Indeed, by the last decade of the eighteenth century Boston had become the chief shipping port of the United States. In 1790 the arrivals from abroad at that port were 60 ships, 7 snows, 159 brigs, 170 schooners, 59 sloops, besides coasters estimated to number 1,220 sail. In the Independent Chronicle, of October 27, 1791, appears the item: "Upwards of seventy sail of vessels sailed from this port on Monday last, for all parts of the world." A descriptive sketch, written in 1794 and printed in the Massachusetts Historical Society collections, says of the appearance of the water front at that time:

"There are eighty wharves and quays, chiefly on the east side of the town. Of these the most distinguished is Boston pier, or the Long Wharf, which extends from the bottom of State Street 1,743 feet into the harbor. Here the principal navigation of the town is carried on; vessels of all burdens load and unload; and the London ships generally discharge their cargoes.... The harbor of Boston is at this date crowded with vessels. It is reckoned that not less than 450 sail of ships, brigs, schooners, sloops, and small craft are now in this port."

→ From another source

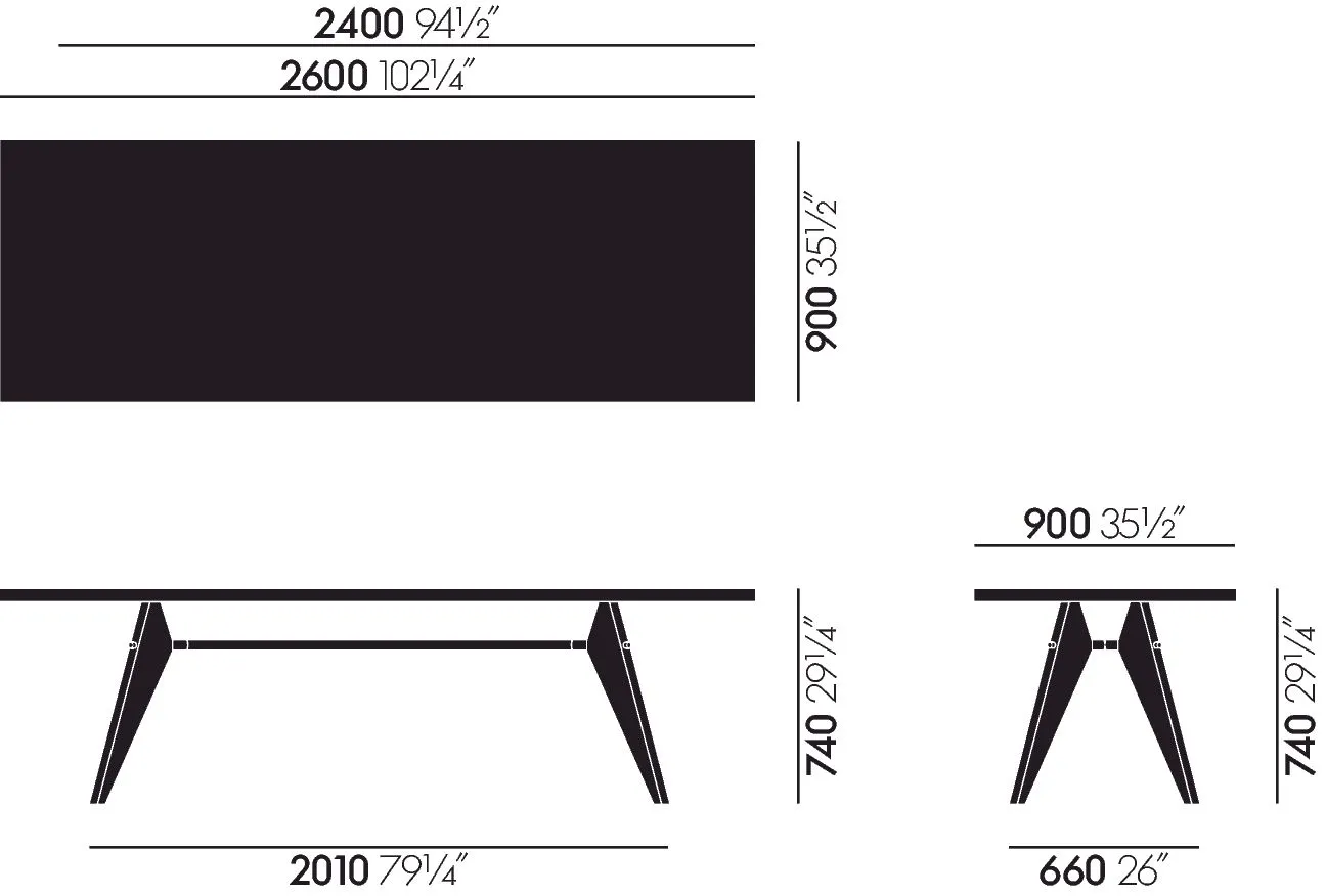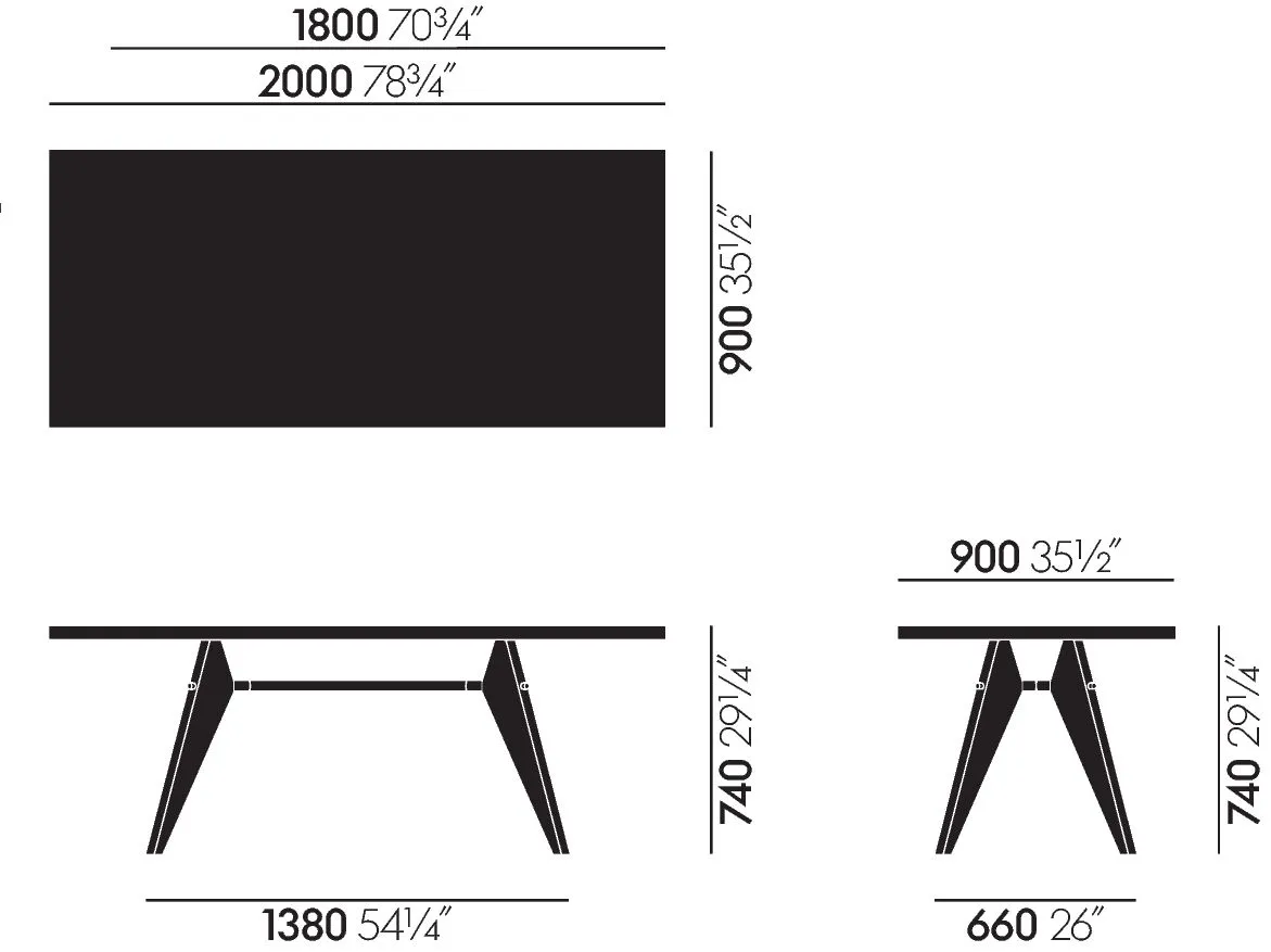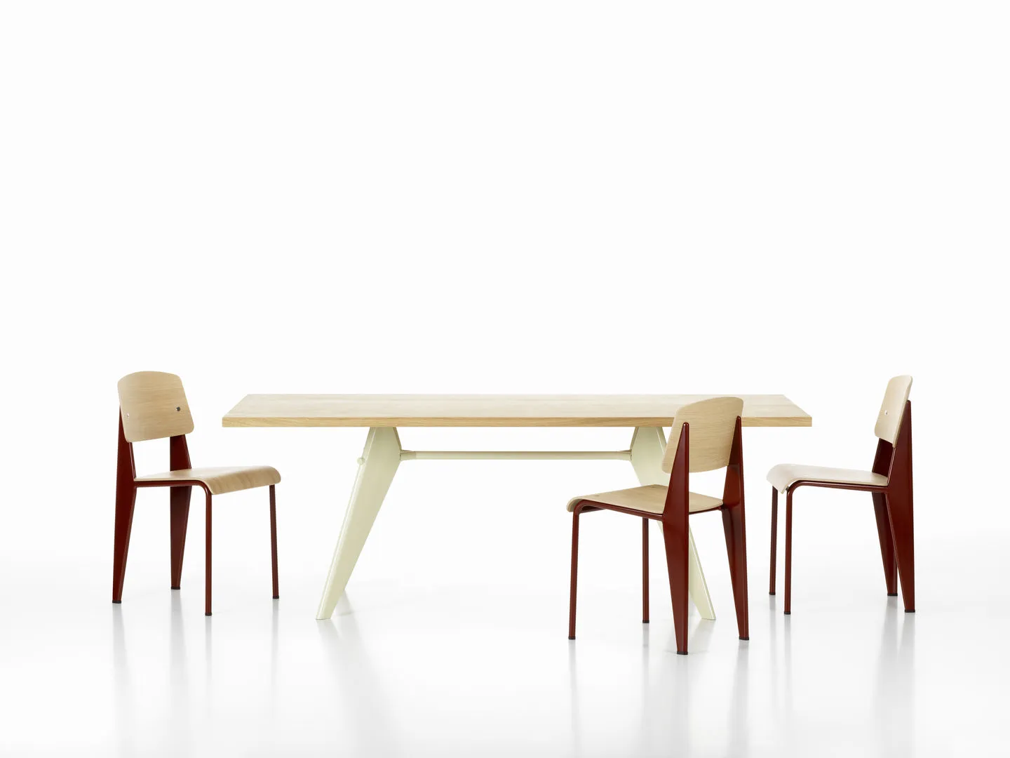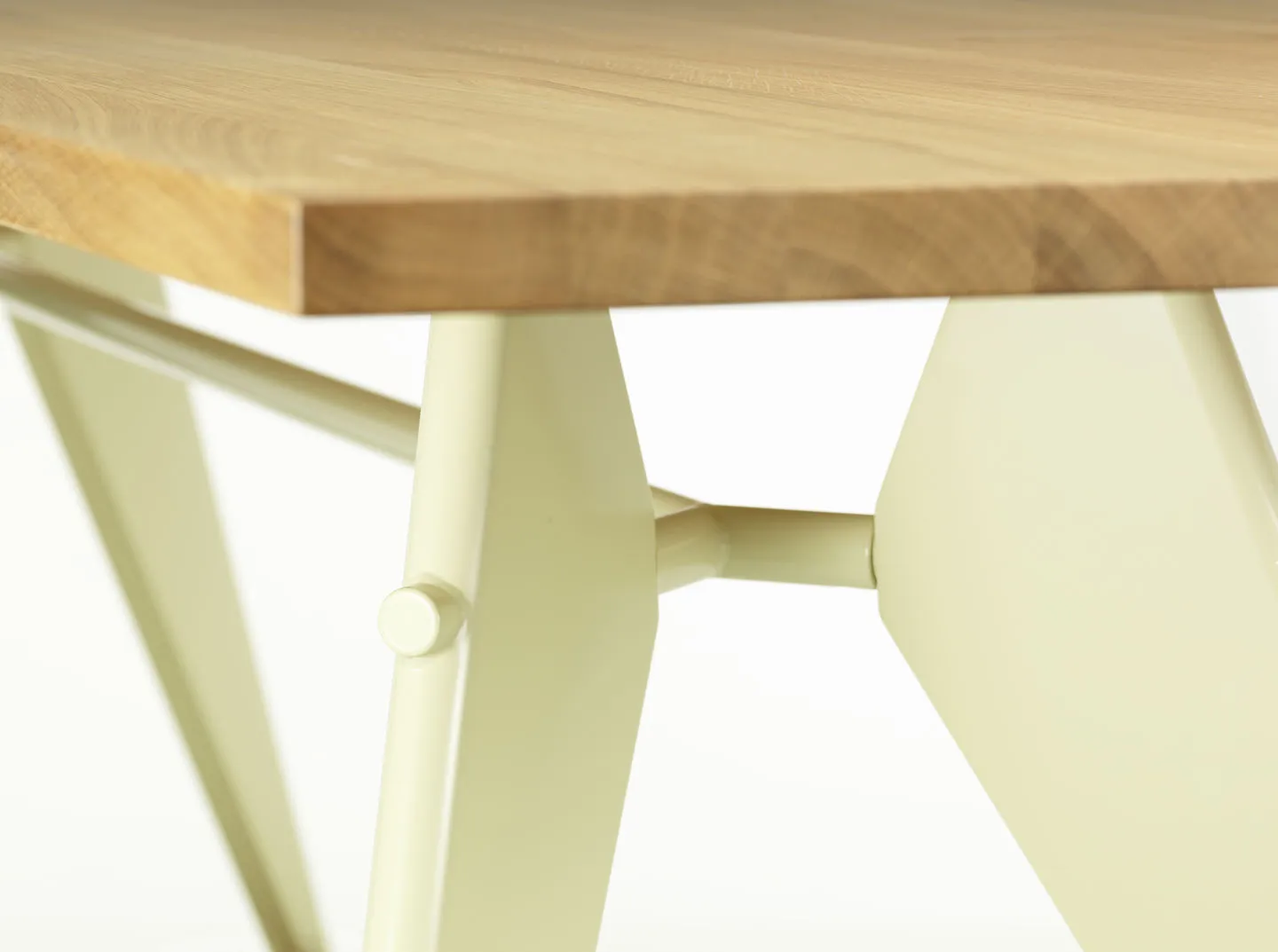 The aesthetic appearance of Jean Prouvé's EM Table adheres to structural principles, illustrating the flow of forces and stresses in its construction. It comes in a range of sizes with table tops in premium solid wood. Thanks to this wide selection, the ideal EM Table can be found for every dining room.

New York and Baltimore, in a large way; Salem, Hull, Portsmouth, New London, New Bedford, New Haven, and a host of smaller seaports, in a lesser degree, joined in this prosperous industry. It was the great interest of the United States, and so continued, though with interruptions, for more than half a century, influencing the thought, the legislation, and the literature of our people. When Daniel Webster, himself a son of a seafaring State, sought to awaken his countrymen to the peril into which the nation was drifting through sectional dissensions and avowed antagonism to the national authority, he chose as the opening metaphor of his reply to Hayne the description of a ship, drifting rudderless and helpless on the trackless ocean, exposed to perils both known and unknown. The orator knew his audience. To all New England the picture had the vivacity of life. The metaphors of the sea were on every tongue. The story is a familiar one of the Boston clergyman who, in one of his discourses, described a poor, sinful soul drifting toward shipwreck so vividly that a sailor in the audience, carried away by the preacher's imaginative skill, cried out: "Let go your best bower anchor, or you're lost." In another church, which had its pulpit set at the side instead of at the end, as customary, a sailor remarked critically: "I don't like this craft; it has its rudder amidships."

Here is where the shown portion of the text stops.